**COLLECTED MATERIAL**
· · · ·
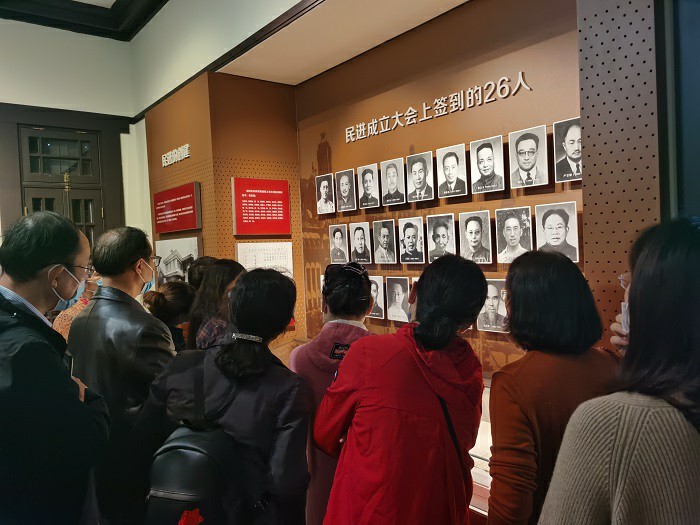 民进旧址纪念馆内,会员们在铜像前深切缅怀马叙伦、王绍鏊等民进主要创始人,依次参观“民进先辈的早期斗争和民进的创建”“积极响应中共中央五一口号”、“民进参与协商建国”等展区,了解了先辈们在中国面临前途命运抉择时创立中国民主促进会、开启民进事业和对我国教育文化事业做出的贡献。
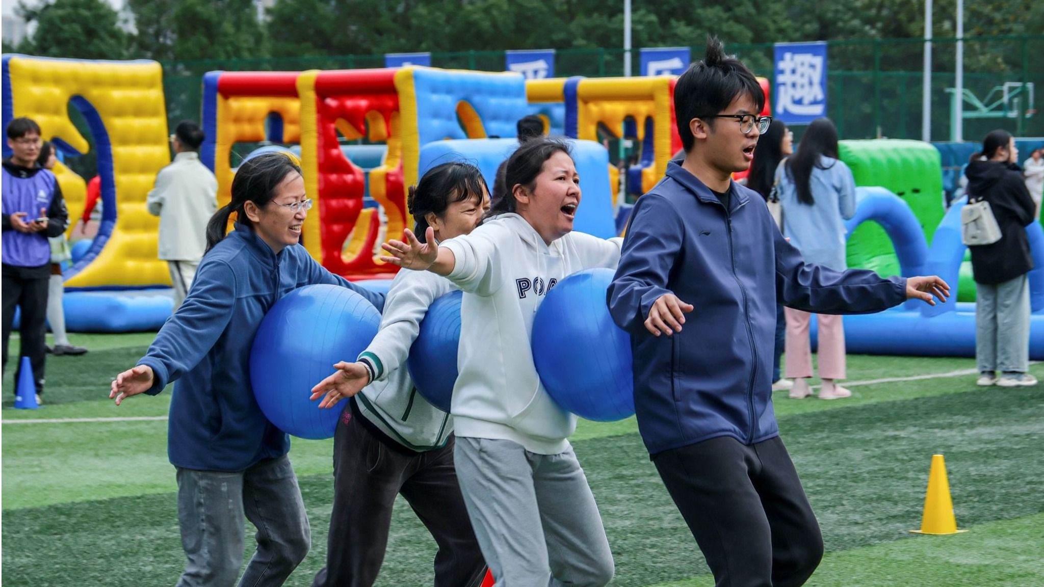 (本网讯)10月20日,由校工会主办的学校办学90周年纪念活动——2023年教职工趣味运动会在田径场举行。来自全校18个分工会的700余名教职工参加了比赛。 赛前热身 胡颉/供图此次运动会设置超级障碍赛、同心圆梦、趣味飞盘九宫格、趣味夹乒乓球四个项目,“趣”字当头,精彩纷呈。赛场上,老师们团结协作、挥洒汗水、较量体能,用拼搏点燃全场;场下,观赛老师们纷纷用热情的掌声、欢呼声为选手们加油鼓劲,紧张又刺激的角逐使得比赛充满激情和欢声笑语。...
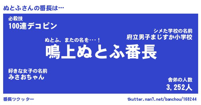| ヘコむあだ名 | 『ぬとにゅー』『つくし』『ぬとっぺ』 |
· · · ·
**ASSIGNED TASK**
Please restate the material word for word; the pictures stay out.

**SOLUTION**
 民进旧址纪念馆内,会员们在铜像前深切缅怀马叙伦、王绍鏊等民进主要创始人,依次参观“民进先辈的早期斗争和民进的创建”“积极响应中共中央五一口号”、“民进参与协商建国”等展区,了解了先辈们在中国面临前途命运抉择时创立中国民主促进会、开启民进事业和对我国教育文化事业做出的贡献。
 (本网讯)10月20日,由校工会主办的学校办学90周年纪念活动——2023年教职工趣味运动会在田径场举行。来自全校18个分工会的700余名教职工参加了比赛。 赛前热身 胡颉/供图此次运动会设置超级障碍赛、同心圆梦、趣味飞盘九宫格、趣味夹乒乓球四个项目,“趣”字当头,精彩纷呈。赛场上,老师们团结协作、挥洒汗水、较量体能,用拼搏点燃全场;场下,观赛老师们纷纷用热情的掌声、欢呼声为选手们加油鼓劲,紧张又刺激的角逐使得比赛充满激情和欢声笑语。...
| ヘコむあだ名 | 『ぬとにゅー』『つくし』『ぬとっぺ』 |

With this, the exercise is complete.